• [Supplied material]
==========

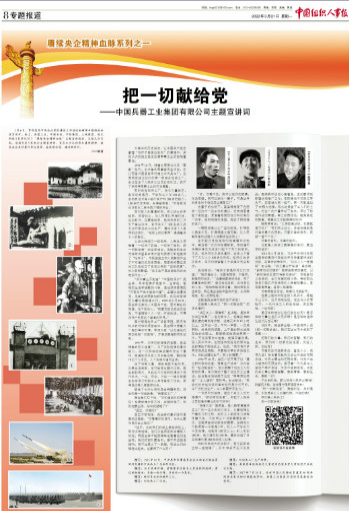 1月6日,貫徹落實中央企業(yè)黨的建設(shè)工作座談會精神專題推進會在京召開。會上,中國兵器工業(yè)集團有限公司等5家單位作了“賡續(xù)央企精神血脈”主題宣講報告。3月21日,《中國組織人事報》刊發(fā)賡續(xù)央企精神血脈系列之一——《把一切獻給黨——中國兵器工業(yè)集團有限公司主題宣講詞》。
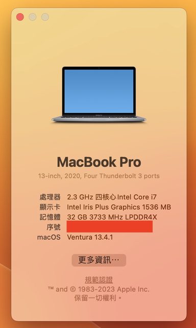 標題[販售] 台北 二手MacbookPro2020 13' i7/32G/512G
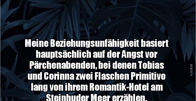 Sprüche & Spruchbilder Wir habe eine sehr große Auswahl an Sprüchen, sehr hübsch bebildert zum Versenden beispielsweise über WhatsAppDie Themengebiete bzw Spruchkategorien reichen über Abschied, Geburt, Geburtstag aber auch versaute SprücheStöbere einfach ein bisschen!. 2801 Entdecke die Pinnwand „Relationships“ von Sigrun Muyakwa Dieser Pinnwand folgen 161 Nutzer auf Weitere Ideen zu weisheiten, sprüche zitate, sprüche. Sry, thats me ( beziehungsunfähig sprüche beziehungsunfähig beziehungsunfähig gedicht beziehungsunfähig sprüche beziehungsunfähig sprüche4 beziehungsunfähigkeit du bist gestört emotional sprüche geburtstagsspruch für beziehungsunfähigen mann gedichte beziehungsuntauglich spruch beziehungsunfähig sprüche.

==========

An exact copy of the lines above, from the first through the line that holds "標題[販售] 台北 二手MacbookPro2020 13' i7/32G/512G", is what is needed; leave the pictures out.

• [Exercise solution]
 1月6日,貫徹落實中央企業(yè)黨的建設(shè)工作座談會精神專題推進會在京召開。會上,中國兵器工業(yè)集團有限公司等5家單位作了“賡續(xù)央企精神血脈”主題宣講報告。3月21日,《中國組織人事報》刊發(fā)賡續(xù)央企精神血脈系列之一——《把一切獻給黨——中國兵器工業(yè)集團有限公司主題宣講詞》。
 標題[販售] 台北 二手MacbookPro2020 13' i7/32G/512G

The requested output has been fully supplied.